Mein PC steht auch direkt neben dem Fenster ... O_o
Hat das die Versicherung gezahlt?^^


----------



## Dracun (12. April 2009)

in dieversen überspannungschutzsteckerleisten gibt es auch eine versicherung bei blitzschlägen 


			Dieser Inhalt steht nur eingeloggten Mitgliedern zur Verfügung.
        


gruß Dracun


----------



## Varitu (14. April 2009)

Hallo,

also diese ganzen Überspannungsschutzsteckdosen und Filter nutzen einzeln überhaupt nichts bei einem Blitzeinshcalg in der Nähe, bzw. falls es einen direkten Treffer ins Haus gibt der sich dann noch seinen Weg gegen Erde über die Kabel sucht.
Bedenk mal die Leistung die ein Blitz hat und welche Funkenstrecken dabei entstehen können.
Normalerweise verbaut man im Hauptverteiler einen Grobschutz, Unterverteilung Mittelschutz und an jeder Steckdose noch einen Feinschutz. Und selbst dann ist es nicht 100% ausgeshclossen das ein Blitz Elektrogeräte zerlegt.

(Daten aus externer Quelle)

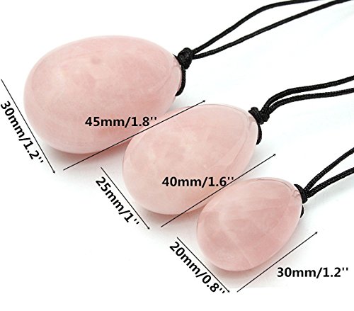 This 3-pcs rose quartz eggs set has everything you need for egg practices. 100% natural and genuine. Hand carved and polished with excellent workmanship. No any chemical treatment nor any waxing is used. Very safe. Many rose quartz crystals have cracking. It is a normal practice to use wax, either food grade or non food grade waxes, to fill the holes or cracking of inferior rose quartz crystals to hide the defects. We consider the waxing is an unsafe practice for yoni eggs, and never use any wax in our rose quartz yoni eggs. We select best quality rose quartz crystals that have no hole nor cracking for yoni egg making.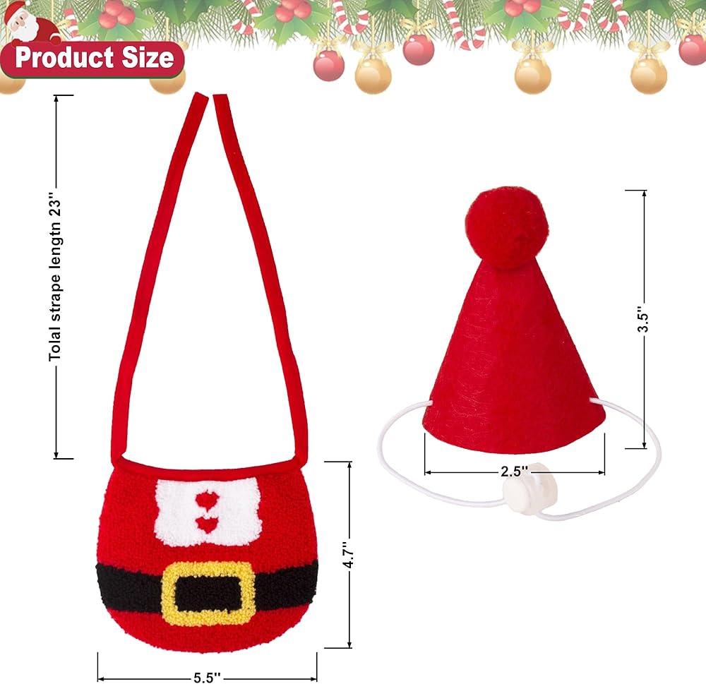 Package: 1 pc red cat party hat, 1 pc red santa clothe pattern kitten christmas bandana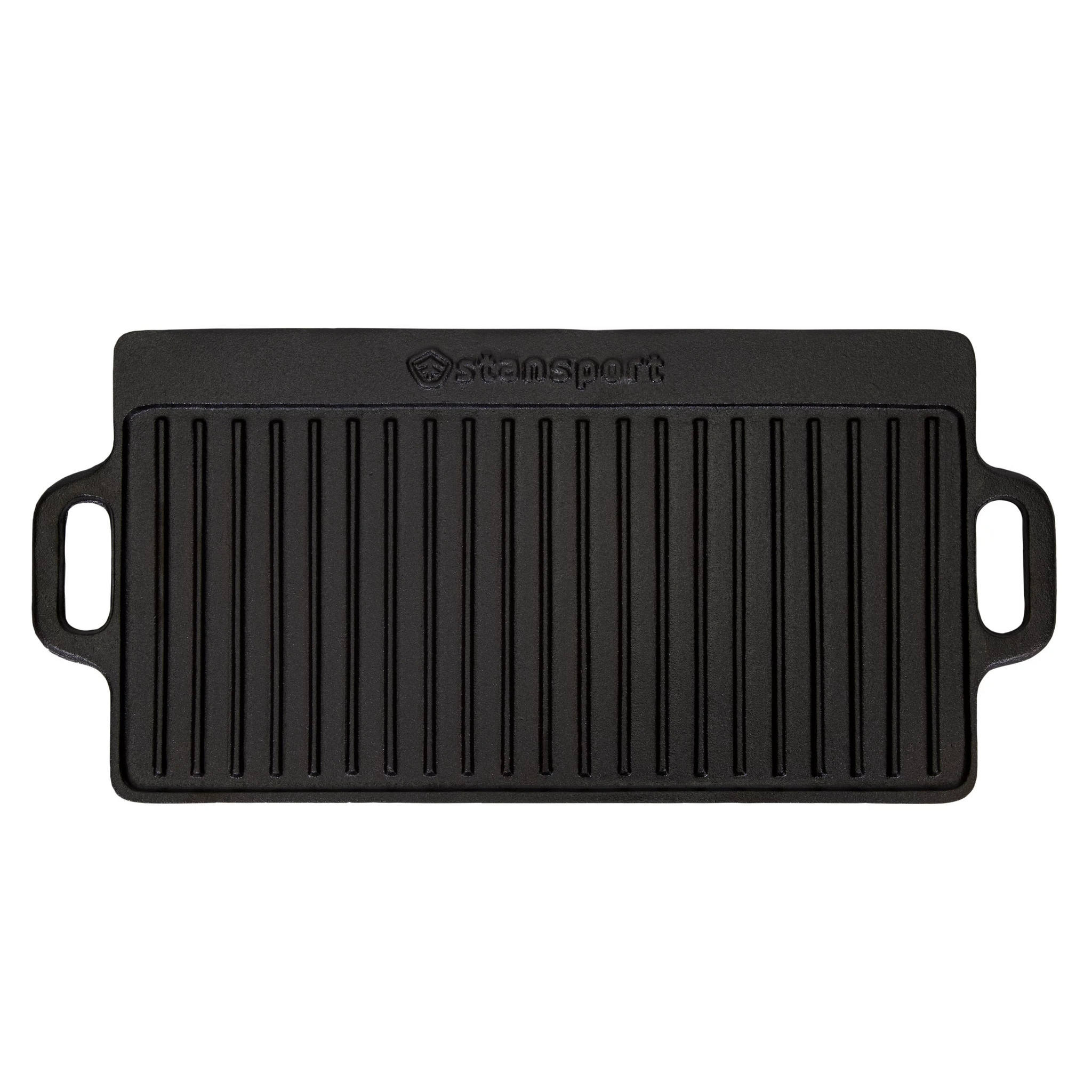 Breakfast is served! This Stansport® Pre-Seasoned Cast Iron Griddle cooks up potatoes, bacon and sausage with aplomb. The 9” x 20” cast-iron surface retains heat and builds a natural non-stick coating with use. Use the smooth surface for eggs, pancakes or other delicate breakfast foods, and the ridged side for steaks, chops and fish.

Ich würd den PC nach möglcihkeit auslassen. Beste Alternative wär Notebook mit Internet über Handy.

Gruß Varitu


----------



## Asoriel (14. April 2009)

es wurde schon des öfteren erwähnt, dass auslassen rein garnichts bringt, sondern der PC von sämtlichen Steckdose, egal ob LAN oder Strom, getrennt werden muss.


----------



## RubenPlinius (15. April 2009)

wie ist das eigentlich: hilft das etwas, wenn ich den pc, samt modem und sämtlicher peripherie an einer steckdosenleiste mit netzschalter (zb sowas ) stecken habe und bei einem gewitter diesen roten netzschalter betätige und somit kein strom durch die leiste fliest?

salut


----------



## Varitu (15. April 2009)

Wenn die Steckdose allpolig trennt (also Phase und Null) und auchdie LAN Leitung dabei getrennt wird dürftre nichts passieren.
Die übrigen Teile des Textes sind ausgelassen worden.